Provided information:
====

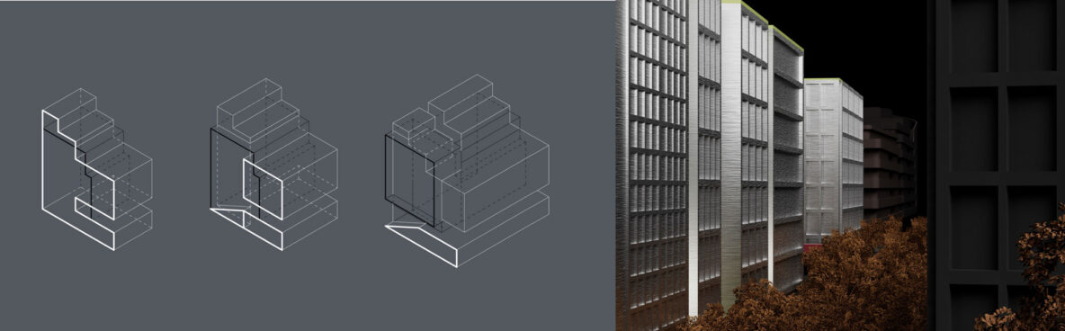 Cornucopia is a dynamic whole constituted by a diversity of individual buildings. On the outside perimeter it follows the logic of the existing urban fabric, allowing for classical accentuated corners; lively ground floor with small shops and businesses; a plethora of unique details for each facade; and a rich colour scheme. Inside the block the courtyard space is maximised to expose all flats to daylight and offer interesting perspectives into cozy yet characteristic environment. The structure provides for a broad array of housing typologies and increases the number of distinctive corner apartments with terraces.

====

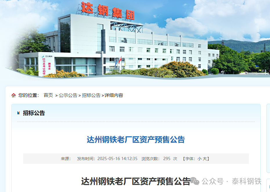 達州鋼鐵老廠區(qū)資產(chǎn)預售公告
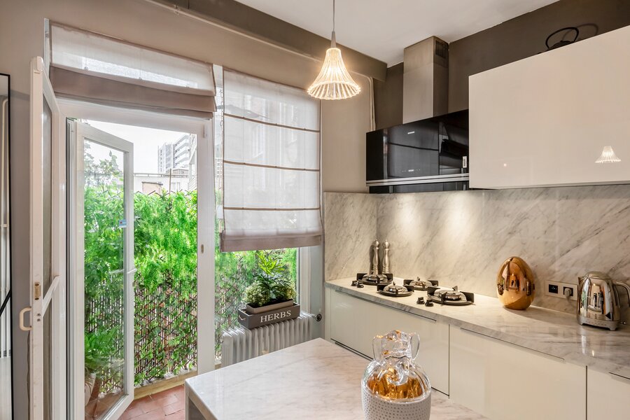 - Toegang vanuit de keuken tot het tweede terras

====

Looking above, find the stretch of lines that opens with the one holding "達州鋼鐵老廠區(qū)資產(chǎn)預售公告" and closes with the one holding "- Toegang vanuit". Copy it exactly, pictures excluded.

 達州鋼鐵老廠區(qū)資產(chǎn)預售公告
 - Toegang vanuit de keuken tot het tweede terras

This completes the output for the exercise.